On Wednesday night Golden Gate residents gathered at the neighborhood’s Recreational Center to hear officials from Oakland’s Community Economic Development Agency (CEDA) explain how becoming part of a city redevelopment area could change the neighborhood.

The informational meeting was the first step in a two-year process aiming to annex a section of the Golden Gate neighborhood east of San Pablo Avenue (see map) onto the existing redevelopment area known as the Broadway/MacArthur/San Pablo area, which includes the stretch of San Pablo Avenue bordered by Berkeley to the north and Emeryville to the south.

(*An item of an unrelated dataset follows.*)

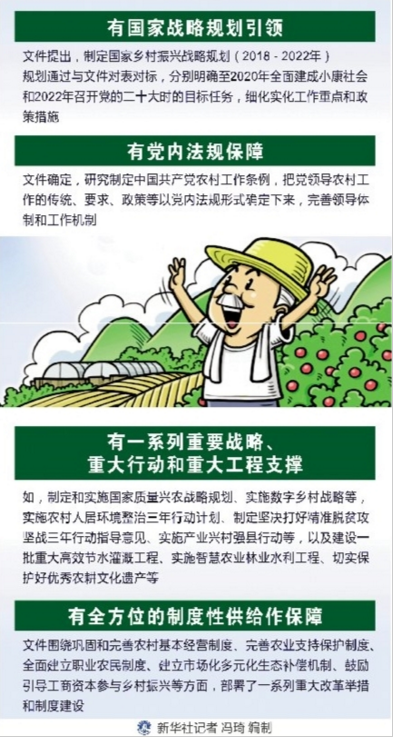 ——有一系列重要戰(zhàn)略、重大行動和重大工程支撐。如,制定和實施國家質(zhì)量興農(nóng)戰(zhàn)略規(guī)劃、實施數(shù)字鄉(xiāng)村戰(zhàn)略等,實施農(nóng)村人居環(huán)境整治三年行動計劃、制定堅決打好精準脫貧攻堅戰(zhàn)三年行動指導(dǎo)意見、實施產(chǎn)業(yè)興村強縣行動等,以及建設(shè)一批重大高效節(jié)水灌溉工程、實施智慧農(nóng)業(yè)林業(yè)水利工程、切實保護好優(yōu)秀農(nóng)耕文化遺產(chǎn)等。

According to CEDA officials, the goal of creating redevelopment areas such as the Broadway/MacArthur/San Pablo area is to reduce chronic blight through revitalization projects on streets, parks, and residential and commercial buildings. These projects, which can be public, private or a hybrid of both, are partially funded by tax money that stays within the redevelopment area instead of going into the city’s general fund. The idea behind it is that, as the area’s property revenue rises, the extra money will stay within that particular community, creating a self-sustainable money pot that could potentially finance increasingly ambitious revitalization projects.

The annexation must ultimately be approved by CEDA, environmental agencies and the city council, but the first step is to convince the residents themselves that this is a good idea.

Golden Gate residents have long had a laundry list of complaints about their neighborhood: high crime, abandoned lots and boarded up houses, bad or nonexistent street lighting and sidewalks, and illegal trash dumping. Residents say blight is particularly visible on Lowell Street, a street often cited by those who support redevelopment as a solution for the neighborhood’s problems.

Charles Porter, a longtime Golden Gate resident and one of the organizers of Wednesday’s meeting, said there’s no other source of money for revitalizing streets like Lowell.

“There’s no money coming from the general fund,” Porter said. “There hasn’t been money in the past ten years, and there won’t be money in the next ten years.”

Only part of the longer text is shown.